You’re living with adult ADHD. You feel pulled in all directions. You’re either missing your deadlines or afraid you will. And then there’s that persistent inner voice telling you that you won’t be able to manage whatever comes next.
You’re aching for calm and a sense of control. You’re fully aware of what needs to change.
You can have all the insight and motivation in the world, but it won’t be enough to change your behaviour. Old patterns and limiting beliefs will keep you exactly where you are – every time.
It’s this awareness, along with the ache for something better, that you’d think would be the sweet spot for change. After all, you’re highly motivated. You want to grow. Evolve. But it’s just not happening for you.
Yes, I’m ready
What you believe becomes your experience.
Do you tell yourself, “This is just how my brain is!” as if the symptoms of ADHD are immutable? Unchangeable?
Do you tell yourself, “This is how I am!” as if you’re identifying with the diagnosis? Limiting yourself to the symptoms?
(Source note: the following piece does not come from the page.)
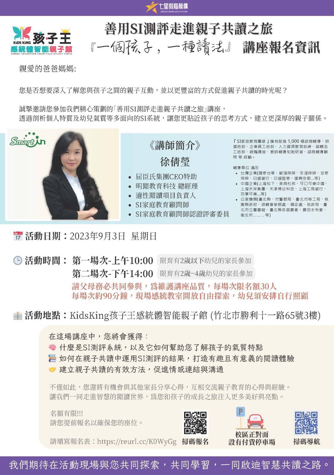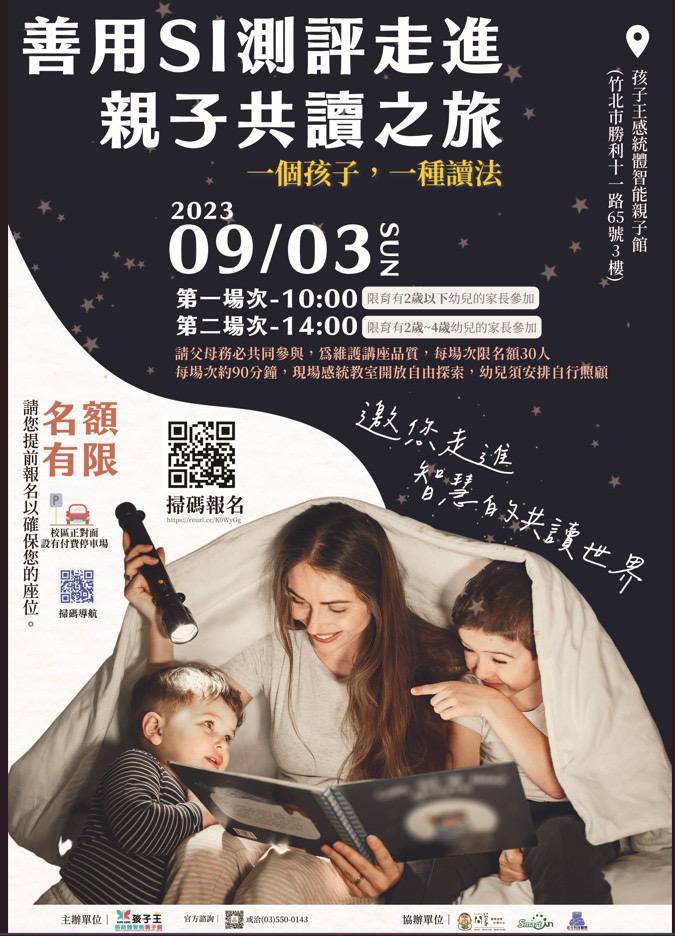 邀請您參加9/3 (日)SI 測評活動,幫助您了解孩子的氣質特點,增進親子互動~ 找到適合寶貝的閱讀模式,讓閱讀變成「悅」讀,父母不同的性格,也會有不同的共讀模式喔! ❣️費用完全免費,歡迎掃碼報名 孩子王 全體老師誠摯邀請您

It’s great that you’re noticing all this. Now you get to go a little deeper still.
Ask yourself:
- What am I believing about myself that keeps me in my patterns?
- What am I believing about ADHD that I doubt I can change?
- What makes me believe that I AM my ADHD symptoms?
- How do I behave when I’m believing these thoughts? Try again? Or give up?
Choose a New Way of Being
When you believe that your brain and behaviour can change, you invite expansiveness and openness. You’re naturally curious. You look around and you see options for strategies that you’d never seen before. You’re focused on how you can learn, so nothing is really a problem. Everything will have a potential solution. Rabbit hole? An opportunity to refocus. Missed deadline? An opportunity to perfect your systems. Failing at work? An opportunity to deepen your self-compassion.
5 Inner Skills for Successful Transformation with Adult ADHD
1. Cultivate the belief that you are capable of learning and growing – even with ADHD.
Write down a reminder of your natural ability to learn and put it where you can see it. Watch how you talk to yourself. If you hear, “It’s just the way I am.” counter it with, “I’m brave and I’m learning how to shift my behaviour.”
2. Plan ahead for that inevitable moment when you’re going to feel discouraged or believe you can’t change.
Where will you find the inspiration you deserve? What note in a bottle do you want to leave for yourself?
(hint: make sure it includes a strategy!)
3. When you fail to meet your expectations, turn back to your objective. Show yourself compassion.
Ask yourself, “What would help me right now to be extra kind to myself? What do I need to do differently to get a better result? What would help me at the point of performance?”
4. Turn into the wind. Don’t avoid what feels hard. Transformation comes in the hard places.
Ask yourself, “What would make this task feel more doable? How can I support myself so that I actually do it?” Remember, it always feels worse in your imagination.
5. Be committed to reality – not the stories told to you by your ADHD brain.
The unvarnished truth has all the information you need to find the best strategies and ways of being. Trust it.
I promise that this gets easier the more you do it. Give yourself the gift of this inner skillset. You’re worth it.